White matter, which lies beneath the gray matter cortex, is composed of millions of bundles of axons (nerve fibers) that connect neurons in different brain regions into functional circuits. The white color derives from the electrical insulation (myelin) that coats axons (see the figure). It is formed by nonneuronal cells, oligodendrocytes, which wrap up to 150 layers of tightly compressed cell membrane around axons. Myelin is essential for high-speed transmission of electrical impulses, and its damage can impair conduction and consequently, sensory, motor, and cognitive functions. The human brain continues to undergo myelination until at least the third decade of age, and the frontal regions of the cerebral cortex, which carry out higher-level executive functions, are the last to become myelinated.
White matter.
Myelin that coats and insulates neuronal axons may control the propagation of electrical impulses in a manner that affects information processing.
Learning involves changes in strength of synapses, the connections between neurons in gray matter. But human brain imaging using magnetic resonance imaging (MRI) has revealed structural changes in white matter after learning complex tasks. This raises the question of whether white matter responds to experience in a manner that affects neuron function under normal circumstances, thereby affecting information processing and performance. There are a few intriguing observations related to this possibility. For example, structural changes in white matter correlate with the number of hours a professional musician practices (1). The greatest changes were seen in parts of the brain that were not yet fully myelinated.
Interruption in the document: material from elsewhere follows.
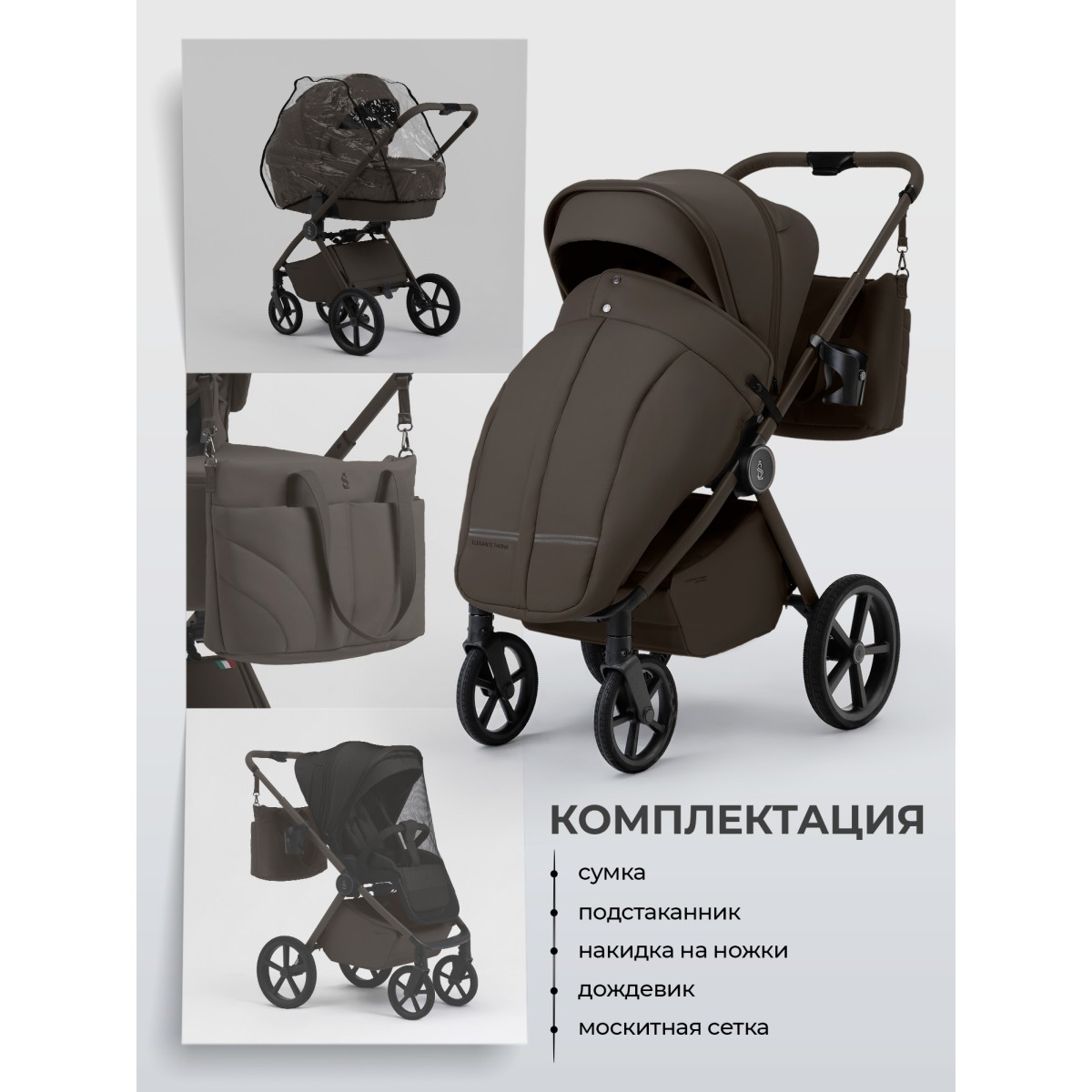 В комплект коляски Elegante Pro входят: дождевик, москитная сетка, стильная сумка с термокарманом, подстаканник, пеленальный матрасик
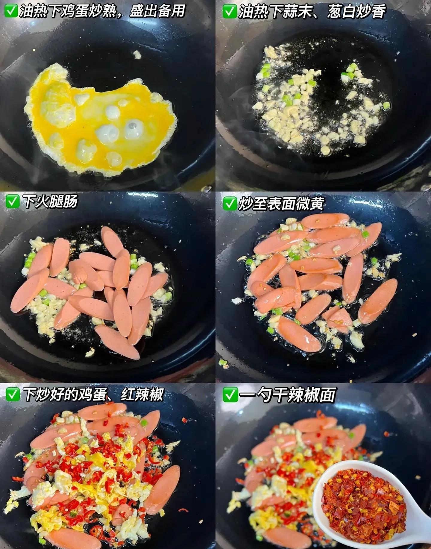 1:首先我们将鸡蛋炒散备用,另起锅烧油放葱蒜爆香,加入我们切好的火腿肠炒熟之后放入炒好的鸡蛋和红辣椒,我喜欢爆辣的那种感觉,所以又加了一勺干辣椒面!

Similarly, adult subjects showed increased white matter structural organization in a brain region important for visuo-motor control 6 week after learning to juggle (2). And in a study of adults learning to read, the volume, anatomical organization, and functional connectivity of white matter tracts linking cortical regions important for reading were increased (3). Whether these changes in white matter structure affect neuron function directly by altering transmission of information required for acquiring a skill is not clear. However, the observations do show that learning a new skill is associated with altered white matter structure in the mature brain.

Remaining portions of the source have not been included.